▸ Work to be completed
Of the entries below, return exactly those lines that fall between the one containing "Item: Slotted serving" and the one containing "Raster blueprint of", the two end lines included.

▸ Data provided
————
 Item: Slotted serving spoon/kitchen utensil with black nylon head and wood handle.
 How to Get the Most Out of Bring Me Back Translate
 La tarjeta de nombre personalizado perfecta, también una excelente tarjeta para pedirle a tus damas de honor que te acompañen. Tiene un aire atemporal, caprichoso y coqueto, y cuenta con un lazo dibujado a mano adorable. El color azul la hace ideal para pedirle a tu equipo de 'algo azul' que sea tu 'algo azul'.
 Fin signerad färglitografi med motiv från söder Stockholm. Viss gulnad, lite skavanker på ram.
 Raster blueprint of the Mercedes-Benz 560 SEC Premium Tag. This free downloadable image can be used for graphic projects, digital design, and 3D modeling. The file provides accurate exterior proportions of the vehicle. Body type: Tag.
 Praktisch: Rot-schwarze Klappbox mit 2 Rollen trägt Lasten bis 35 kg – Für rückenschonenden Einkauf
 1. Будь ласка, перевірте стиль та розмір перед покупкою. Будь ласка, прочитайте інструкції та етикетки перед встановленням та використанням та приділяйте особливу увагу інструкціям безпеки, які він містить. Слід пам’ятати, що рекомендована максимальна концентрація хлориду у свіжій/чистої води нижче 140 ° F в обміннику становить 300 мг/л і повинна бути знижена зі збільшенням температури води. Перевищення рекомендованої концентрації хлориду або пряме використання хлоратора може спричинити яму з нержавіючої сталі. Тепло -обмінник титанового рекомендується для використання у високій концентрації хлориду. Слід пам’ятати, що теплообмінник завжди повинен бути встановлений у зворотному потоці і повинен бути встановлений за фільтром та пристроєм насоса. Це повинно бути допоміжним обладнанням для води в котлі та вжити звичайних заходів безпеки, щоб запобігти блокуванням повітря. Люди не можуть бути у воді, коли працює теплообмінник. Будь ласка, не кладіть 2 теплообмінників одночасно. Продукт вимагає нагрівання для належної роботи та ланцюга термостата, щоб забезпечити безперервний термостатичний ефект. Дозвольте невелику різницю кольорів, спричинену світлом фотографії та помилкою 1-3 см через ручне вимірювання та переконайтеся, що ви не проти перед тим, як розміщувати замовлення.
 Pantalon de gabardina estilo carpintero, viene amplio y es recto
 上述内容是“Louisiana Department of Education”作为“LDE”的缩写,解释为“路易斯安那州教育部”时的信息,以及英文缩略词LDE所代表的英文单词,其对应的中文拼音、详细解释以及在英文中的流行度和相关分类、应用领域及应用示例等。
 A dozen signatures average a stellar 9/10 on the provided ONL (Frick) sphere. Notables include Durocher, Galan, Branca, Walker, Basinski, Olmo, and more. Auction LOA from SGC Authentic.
————
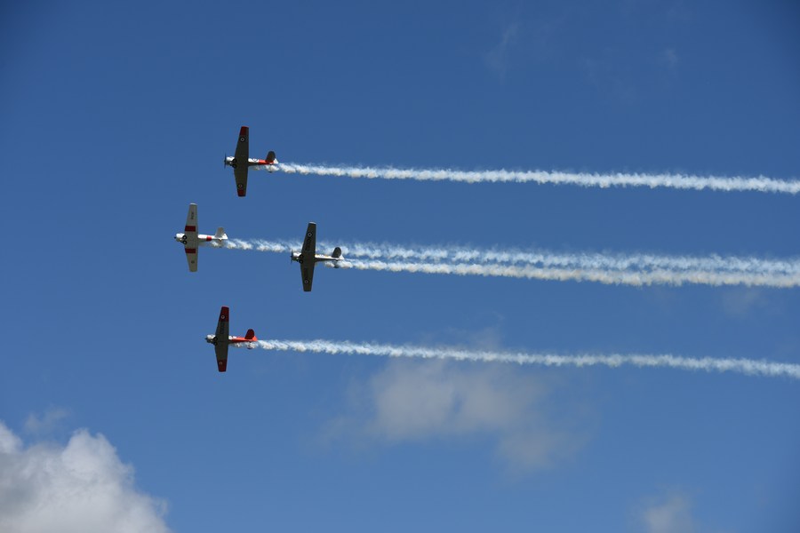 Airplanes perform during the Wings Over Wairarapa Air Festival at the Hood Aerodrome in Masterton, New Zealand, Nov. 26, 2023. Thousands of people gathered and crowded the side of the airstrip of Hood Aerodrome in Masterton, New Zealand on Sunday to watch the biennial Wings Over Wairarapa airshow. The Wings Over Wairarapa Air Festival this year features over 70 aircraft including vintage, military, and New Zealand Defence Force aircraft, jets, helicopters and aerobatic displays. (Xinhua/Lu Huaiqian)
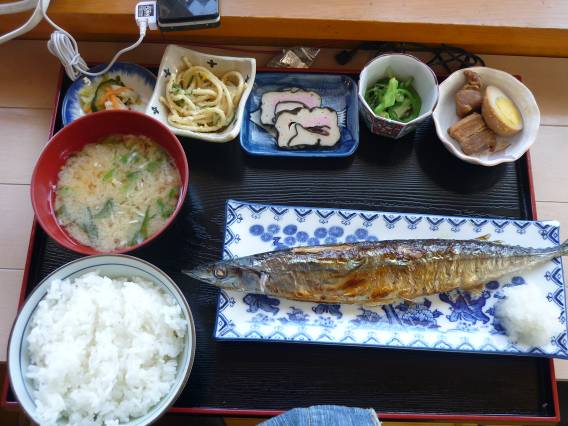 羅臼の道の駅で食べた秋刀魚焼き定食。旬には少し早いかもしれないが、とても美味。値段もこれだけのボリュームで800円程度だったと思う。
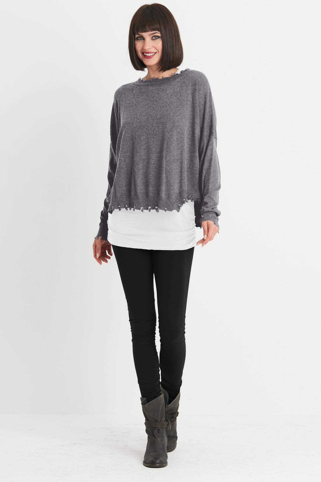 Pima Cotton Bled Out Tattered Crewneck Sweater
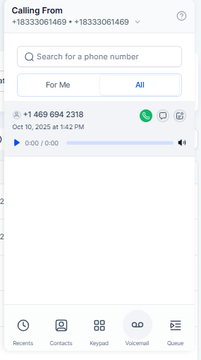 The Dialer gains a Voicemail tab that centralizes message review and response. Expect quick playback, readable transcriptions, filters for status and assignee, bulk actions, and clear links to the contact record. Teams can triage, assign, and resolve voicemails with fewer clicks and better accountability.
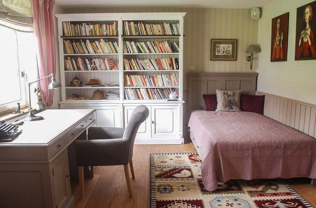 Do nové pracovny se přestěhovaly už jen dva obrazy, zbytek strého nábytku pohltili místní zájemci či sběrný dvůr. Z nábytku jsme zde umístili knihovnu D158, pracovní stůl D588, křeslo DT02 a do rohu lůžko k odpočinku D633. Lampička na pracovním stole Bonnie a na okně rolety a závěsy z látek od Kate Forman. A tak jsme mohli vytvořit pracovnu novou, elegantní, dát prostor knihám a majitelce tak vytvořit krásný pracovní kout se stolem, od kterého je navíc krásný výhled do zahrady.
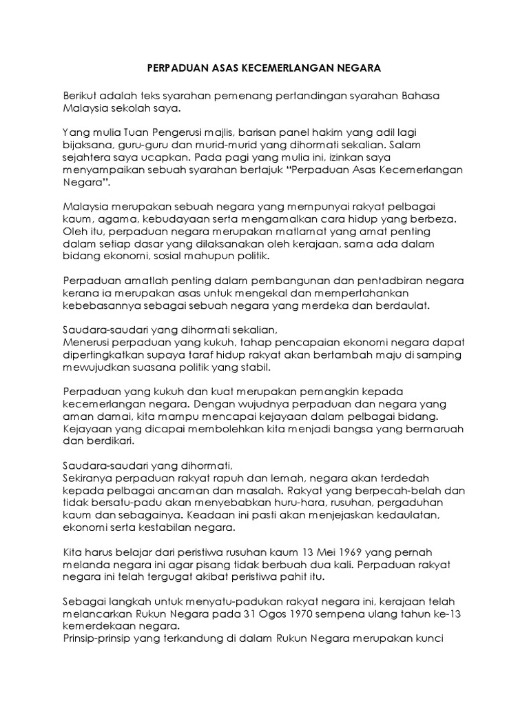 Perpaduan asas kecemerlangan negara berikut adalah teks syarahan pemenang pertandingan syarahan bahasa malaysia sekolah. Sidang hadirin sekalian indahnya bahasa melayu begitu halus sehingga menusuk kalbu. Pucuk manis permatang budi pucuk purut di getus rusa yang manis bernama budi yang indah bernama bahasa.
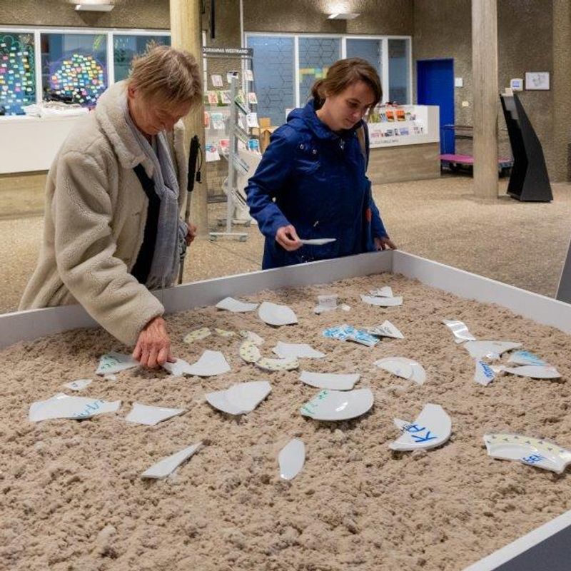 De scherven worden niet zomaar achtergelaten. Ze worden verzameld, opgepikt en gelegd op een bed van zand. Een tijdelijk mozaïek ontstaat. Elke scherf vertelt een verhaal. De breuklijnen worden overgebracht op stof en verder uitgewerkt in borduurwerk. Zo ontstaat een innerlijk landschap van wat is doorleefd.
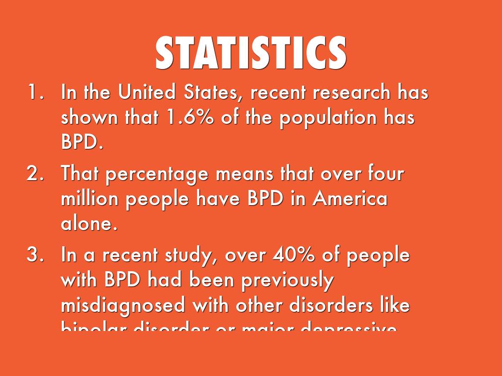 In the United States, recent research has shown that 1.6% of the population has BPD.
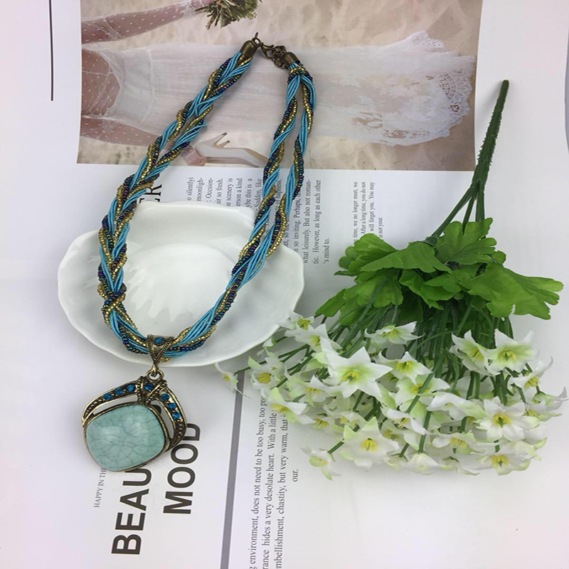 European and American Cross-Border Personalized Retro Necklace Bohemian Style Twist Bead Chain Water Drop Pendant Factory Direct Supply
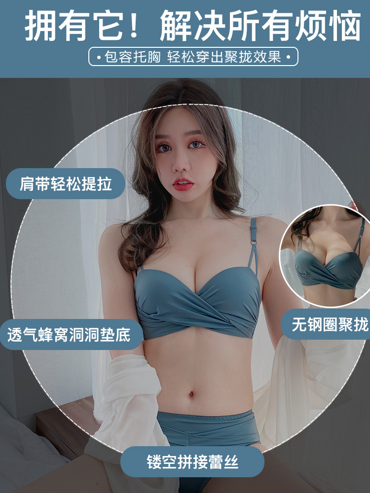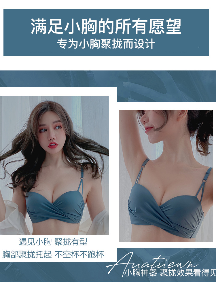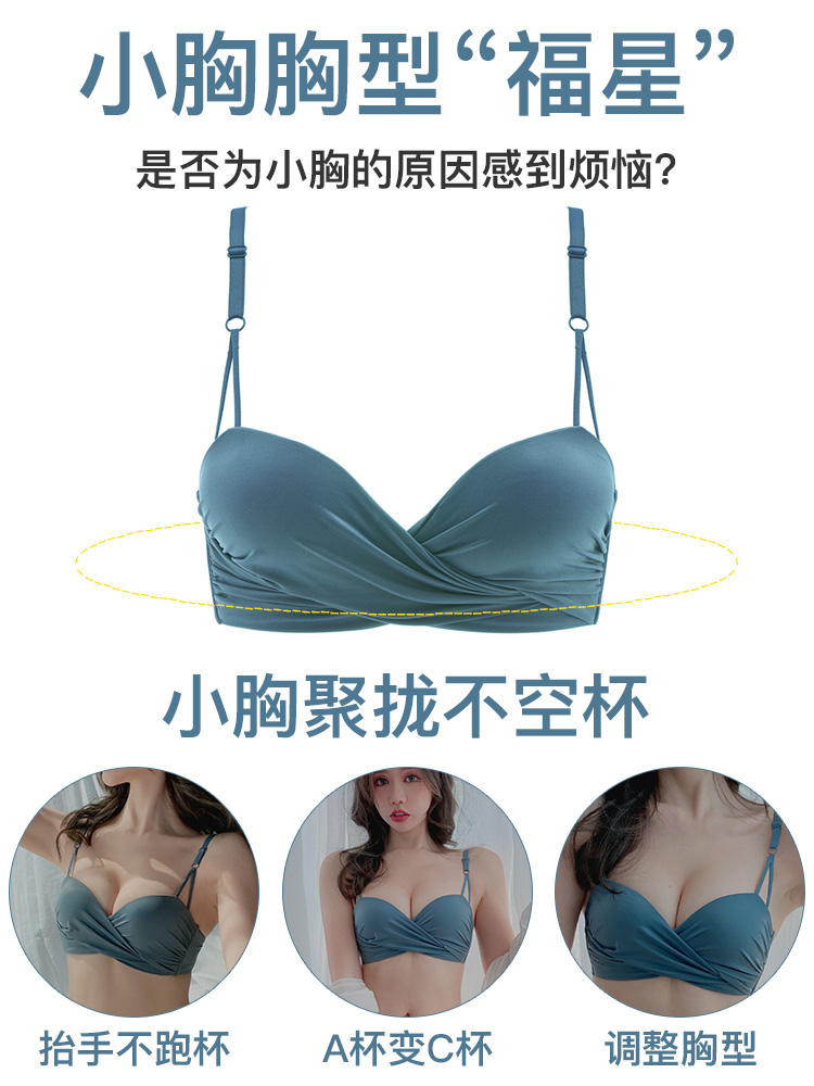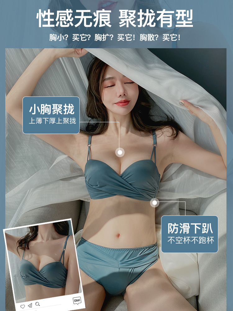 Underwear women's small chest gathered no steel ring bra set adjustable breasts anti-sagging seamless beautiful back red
————
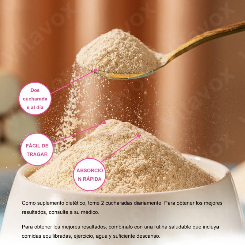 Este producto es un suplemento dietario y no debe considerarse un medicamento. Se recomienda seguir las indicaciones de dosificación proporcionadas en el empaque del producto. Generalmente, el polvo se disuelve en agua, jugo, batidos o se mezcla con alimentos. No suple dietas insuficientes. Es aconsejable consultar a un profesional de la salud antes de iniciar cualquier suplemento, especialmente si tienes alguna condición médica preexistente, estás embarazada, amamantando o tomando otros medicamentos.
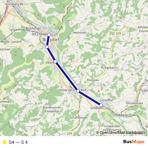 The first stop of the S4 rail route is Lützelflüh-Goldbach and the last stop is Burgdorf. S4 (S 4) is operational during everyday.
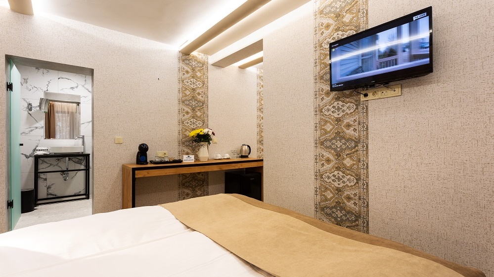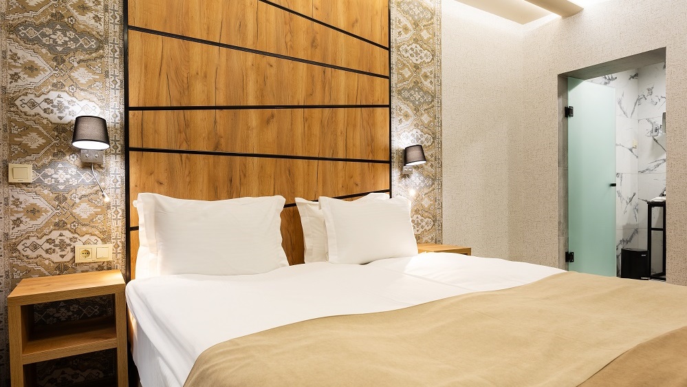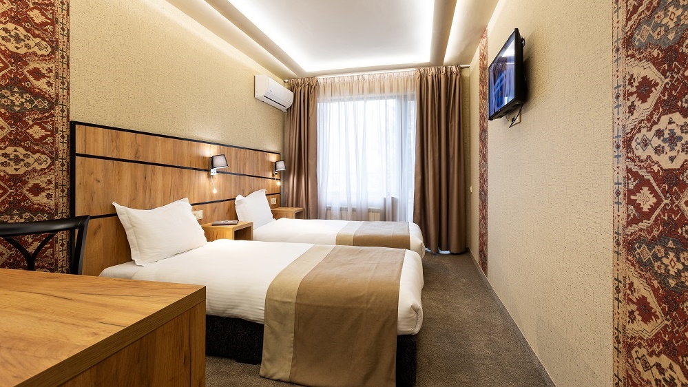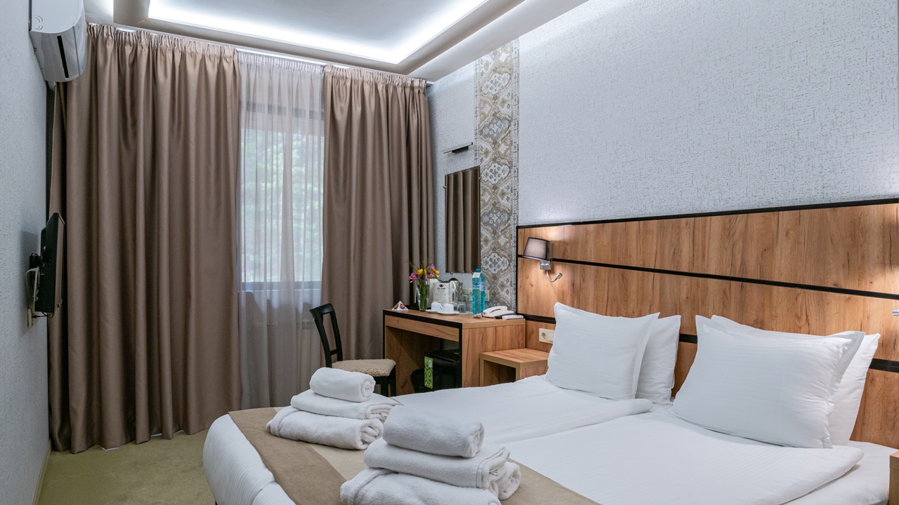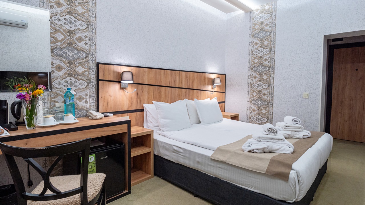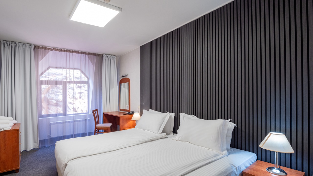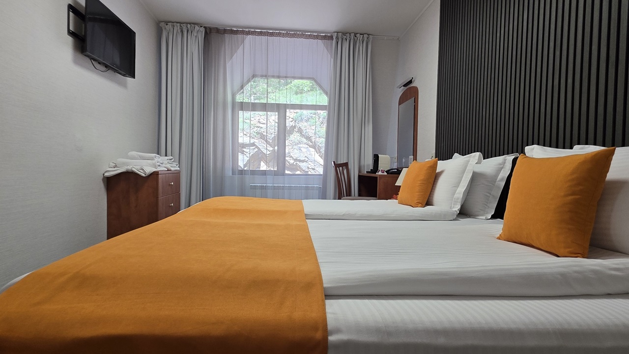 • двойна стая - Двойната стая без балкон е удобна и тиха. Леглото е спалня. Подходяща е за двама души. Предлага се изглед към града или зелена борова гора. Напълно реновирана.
————
▸ Task result
 Item: Slotted serving spoon/kitchen utensil with black nylon head and wood handle.
 How to Get the Most Out of Bring Me Back Translate
 La tarjeta de nombre personalizado perfecta, también una excelente tarjeta para pedirle a tus damas de honor que te acompañen. Tiene un aire atemporal, caprichoso y coqueto, y cuenta con un lazo dibujado a mano adorable. El color azul la hace ideal para pedirle a tu equipo de 'algo azul' que sea tu 'algo azul'.
 Fin signerad färglitografi med motiv från söder Stockholm. Viss gulnad, lite skavanker på ram.
 Raster blueprint of the Mercedes-Benz 560 SEC Premium Tag. This free downloadable image can be used for graphic projects, digital design, and 3D modeling. The file provides accurate exterior proportions of the vehicle. Body type: Tag.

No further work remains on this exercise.